Breathing Crack Detection Using Linear Components and Their Physical Insight

Abstract

Identification of fatigue-breathing cracks at the time of initiation that develop in structures under repetitive loading is desirable for successful implementation of any health monitoring system. The presence of higher order harmonics and sidebands apart from the fundamental excitation harmonic in the Fourier power spectrum subjected to harmonic excitation are widely used as breathing crack damage indicators. The majority of the existing breathing crack detection and localization techniques use the amplitudes of the super harmonics/modulation components obtained spatially across the structure from the current and healthy states.
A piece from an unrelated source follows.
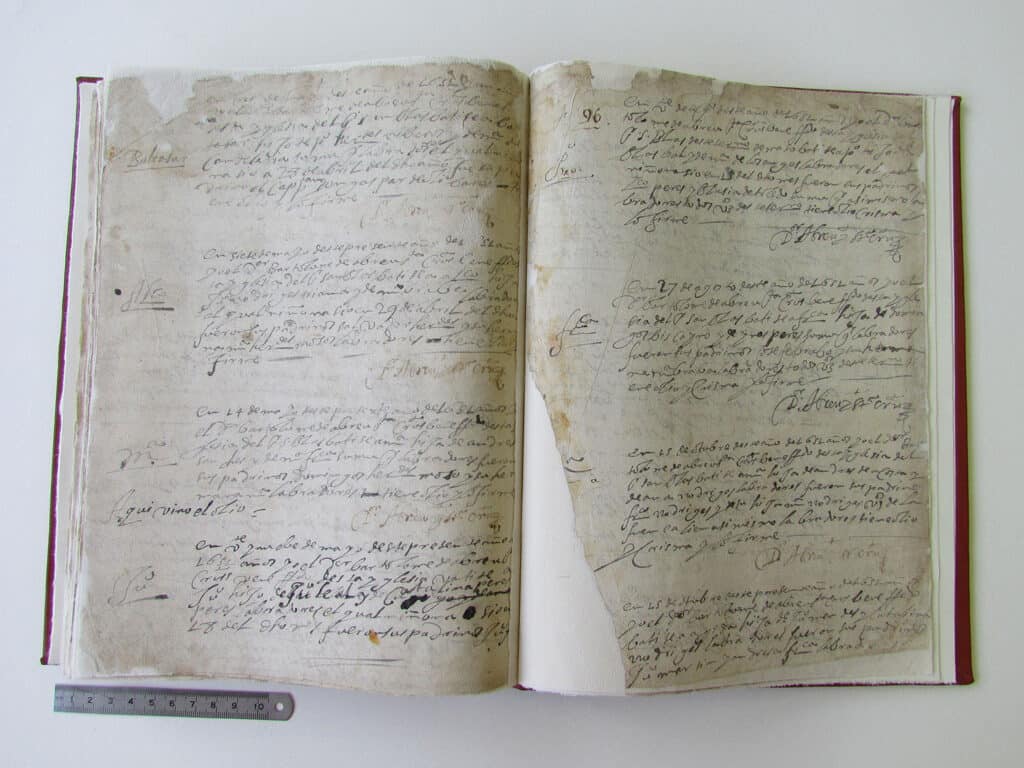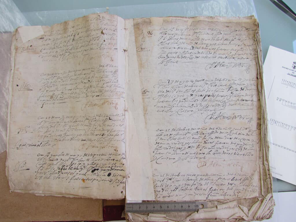 Una vez en el laboratorio, se comprobó que el libro había sido arreglado y reencuadernado en tapa suelta por Miguel Serra Cortina en 1926, dejando testigo de ello, y aunque no se rigió por los criterios actuales de restauración y preservación, sí impidió su mayor deterioro e incluso su pérdida, rescatando unos legajos sueltos, abandonados y casi perdidos que se encontraban en muy mal estado de conservación hasta el punto de peligrar su contenido.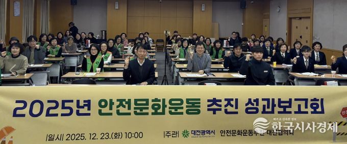 한국시사경제 대전취재본부 | 대전시는 23일 대전시청 세미나실에서 안전문화운동추진 대전협의회 소속 기관 및 단체 관계자 100여 명이 참석한 가운데 2025 안전문화운동 추진 성과보고회를 개최했다.

In the present work, instead of using nonlinear harmonic components for breathing crack detection, we exploit the decrease in the Fourier power spectrum amplitude of the linear components due to the transfer of energy from linear components to nonlinear harmonic components in the presence of breathing crack. Two new indices quantifying the ratio of energy variations in linear and nonlinear components have been proposed to highlight the effectiveness of the proposed concept. Numerical simulation and experimental investigations established the fact that the energy variation in linear components between varied crack depths shows significantly higher sensitivity than the energy variation due to nonlinear harmonic components.

1 Introduction

Detection of incipient damage at the earliest possible stage is desirable for successful implementation of any health monitoring system. The fatigue-breathing crack is one of the most common damages that occur in civil structures due to dynamic loading. These fatigue cracks exhibit repetitive crack open-close breathing like phenomenon and induce bilinear rather nonlinear behaviour. The bilinear dynamic behaviour of the structure with breathing cracks makes them difficult to detect when compared to their counterpart open cracks, using the traditional vibration-based damage detection techniques. Therefore, the detection, localization and severity quantification of fatigue cracks using nonlinear sensitive features poses a greater challenge and new damage diagnostic techniques are being developed. [1,2,3,4]. When the structure is healthy (i.e. intact and linear), and subjected to harmonic loading with excitation frequency ω_exc, it vibrates at same excitation frequency. In contrast, the cracked response contains not only input excitation frequency ω_exc, but also their super harmonics (nω_exc, where n is an integer). Similarly, when the system is excited simultaneously with two different frequencies ω_prob and ω_pump (bitone: ω_prob > ω_pump), the cracked response contains not only input frequencies but also their harmonics and modulation. These modulations lead to the presence of side bands (ω_{prob ±} nω_pump,). The presence of super harmonics (i.e. higher order harmonics) and sidebands apart from fundamental excitation harmonics confirms the bilinear behaviour of the structure due to breathing crack.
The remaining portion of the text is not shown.